I'm sometimes parsing log files, textified pdf, scanned docs or other things not designed to be parsed. One of the reasons I like TatSu for this is you can be sure you really understood the format within a section and can occasionally explain what you're doing to a non-programmer. In contrast when I do the same with regular expressions, I sometimes find myself silently skipping bits (and it's very hard to read!). Such formats often have fixed numbers of repetitions - and it's interesting to know if ones assumption always holds about the number of repetitions.
Also one sometimes gets cases where you have a repetitions followed by up to b repetitions followed by c repetitions where each group is of a different kind - possibly a harder case to manage.
rule = {int}{4} {int}{2,4} {int}{2} ;
Of course I can just measure the list length in semantics, but I feel this is more properly part of the grammar. So this is low priority.
I think is this a good idea!
The syntax would have to be different, non regex-like, because TatSu already defines {}
(and also ()
and []
). There's already a lot of syntax around {}
.
Perhaps it could be:
rule = {int}<4> {int}<2,4> {int}<2> ;
I think that TatSu only allows *
after {}
, so the new syntax could also be:
rule = int*4 int*2-4 (int string)*2 ;
We need to review the current syntax to choose a new one that makes the intention clear and doesn't collide with current semantics.
We should probably first provide an implementation, and decide about the syntax after.
I just spent half an hour trying to find out what other syntaxes do and the only one I could find was 're'! To be fair, it's probably the only repetition qualifier most of your users know. And I understand you reason for rejecting it.
It may be necessary to constrain it so that a sequence of repetition qualifiers can only include one range.

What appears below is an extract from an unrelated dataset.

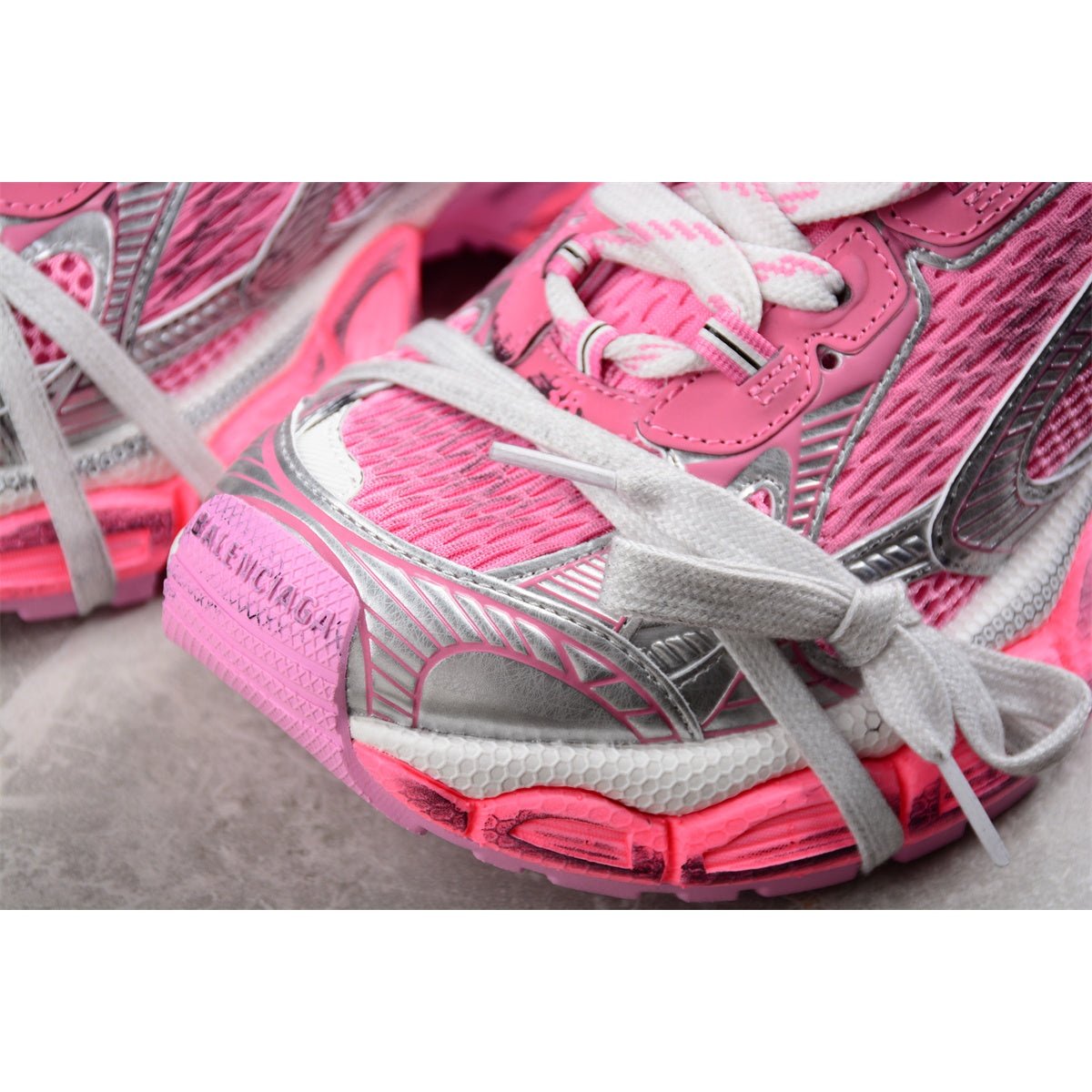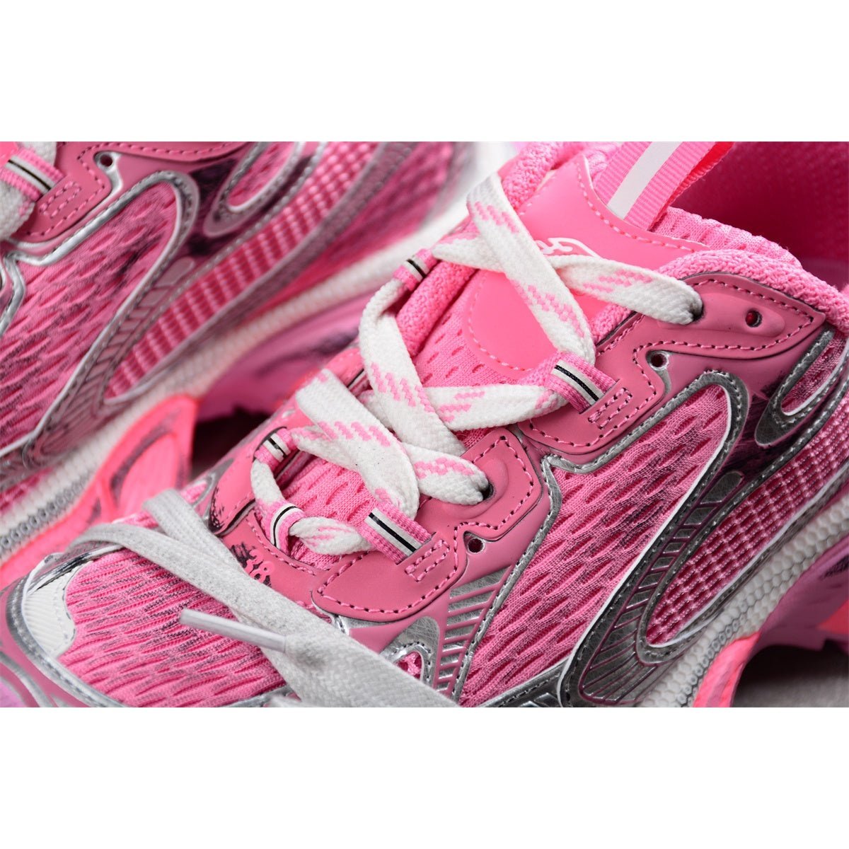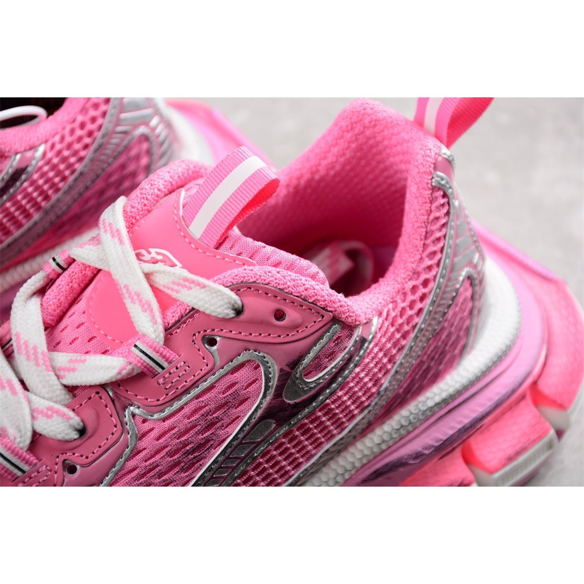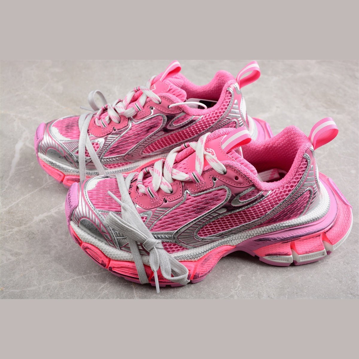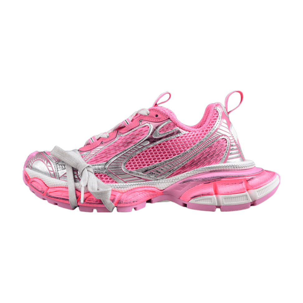 The BALENCIAGA 3XL x Pink Silver sneakers are a stunning expression of contemporary fashion, blending bold colors with metallic accents. This striking pair showcases a vibrant pink upper complemented by shimmering silver details that catch the light with every step. Crafted with exceptional materials, these sneakers maintain the oversized, chunky silhouette characteristic of the 3XL line, offering both standout style and ultimate comfort. The robust, layered soles enhance durability and provide a dramatic lift, while the sleek design lines ensure a sophisticated profile. Ideal for those who embrace bold fashion statements, the 3XL x Pink Silver sneakers are both eye-catching and elegant.

So:
rule = int*4 int*2:4 int*2:5 int*3
might not be allowed or might be formally determined so the LHS or RHS is greedy.
Did you notice I experimented with a colon in 2:4? I thought it had a more Pythonic flavour, though repetition isn't much like a slice. Of the two you offer, I mostly like the latter but found the '-' sign grated a little because my mind needs it to be subtraction. Too bad elipsis isn't on a standard keyboard.